On June 22, the U.S. Environmental Protection Agency (EPA) made three final rules available on its website, pending official publication. The rules guide the agency's path for assessing and regulating chemicals in commerce under the amended Toxic Substances Control Act (TSCA). EPA's issuance of final rules for 'Prioritization," "Risk Evaluation," and "Inventory Reset," will impact how EPA evaluates chemicals used in the coatings industry. ACA has been actively developing coatings industry positions and comments on these important rulemakings since their proposal in January 2017. ACA is currently working to provide compliance materials for the industry. Since the June 22 pre-publication, EPA officially published the prioritization and risk evaluation rules in the Federal Register on July 20. The inventory reset rule is expected to be officially published soon.
In addition, EPA released its TSCA Risk Evaluation Guidance, outlining the expectations for draft risk evaluations provided by interested parties, and articulating the approach EPA will apply in risk evaluations conducted under the risk evaluation process rule under TSCA Section 6. EPA also published scoping documents that will shape evaluations of the first 10 chemicals for initial risk evaluation: asbestos; pigment violet 29; 1,4-dioxane; cyclic aliphatic bromides cluster; carbon tetrachloride; 1-bromopropane; methylene chloride; n-methylpyrrolidone; trichloroethylene; and tetrachloroethylene.

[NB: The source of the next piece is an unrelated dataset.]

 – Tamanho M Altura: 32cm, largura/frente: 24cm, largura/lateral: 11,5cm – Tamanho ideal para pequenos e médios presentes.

The Frank R. Lautenberg Chemical Safety for the 21st Century Act, signed into law on June 22, 2016, mandates the agency to restrict chemicals already in commerce that pose unreasonable risks to public health and the environment.
The following outlines the rule's evolution from proposal to finalization, with ACA's comments and the rule's final most salient changes summarized.
Inventory Reset Rule
Overview
This rule establishes a process to designate substances on the TSCA Inventory as "active" or "inactive," also known as the TSCA Inventory Reset. Once the TSCA Inventory has been "reset," no one would be permitted to manufacture or process an inactive chemical substance without first submitting a notification to EPA prior to manufacturing or processing the substance, provided that notification cannot be more than 90 days prior to the expected date of manufacture or processing.

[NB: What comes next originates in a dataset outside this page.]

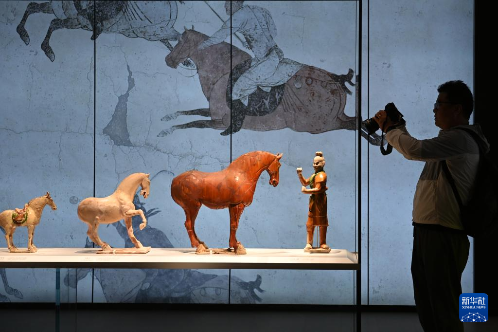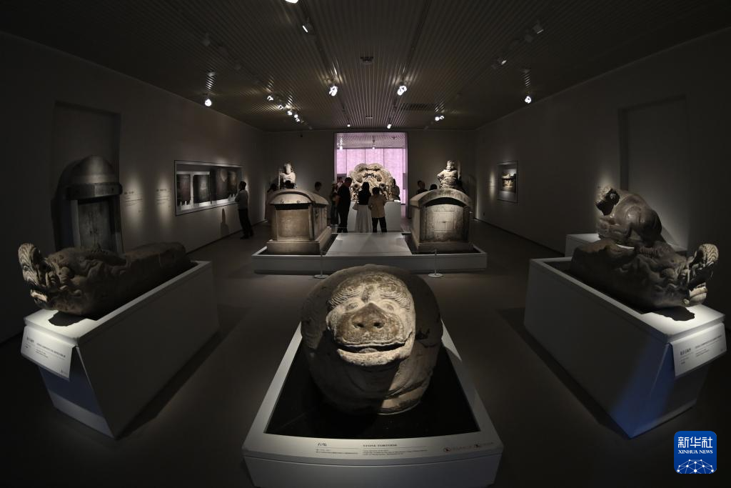 5月12日,游客在改扩建后的西安碑林博物馆北区场馆参观昭陵六骏石雕。

Under TSCA, Sec. 8(b)(6), EPA is obligated to designate chemicals reported under the 2016 Chemical Data Reporting rule (CDR) as an interim list of active substances. In response to public comment, EPA expanded the interim list to include chemicals reported pursuant to the 2012 CDR rule, in addition to the 2016 CDR rule as required by statute. In effect, manufacturers and processors of chemical substances listed on either the non-confidential or confidential portion of the TSCA inventory would not have to tell the agency that they made a chemical if they or another manufacturer had already reported information required under the 2012 or 2016 CDR rules. In the final rule, EPA determined that this exemption applies regardless of listing as confidential or non-confidential. The CDR rules required companies that produced certain volumes of a chemical (generally 25,000 pounds or more) submit to the EPA information such as the identity of the chemical they make, the volume made or imported, how the chemical was used, and the extent to which workers were exposed to it. EPA issues the CDR rule every four years. With inclusion of chemicals reported during the 2012 and 2016 CDR reporting period in the interim list of active substances, the list now covers substance reported for the last two CDR reporting periods, instead of just the most recent period as instructed in TSCA Section 8(b)(6).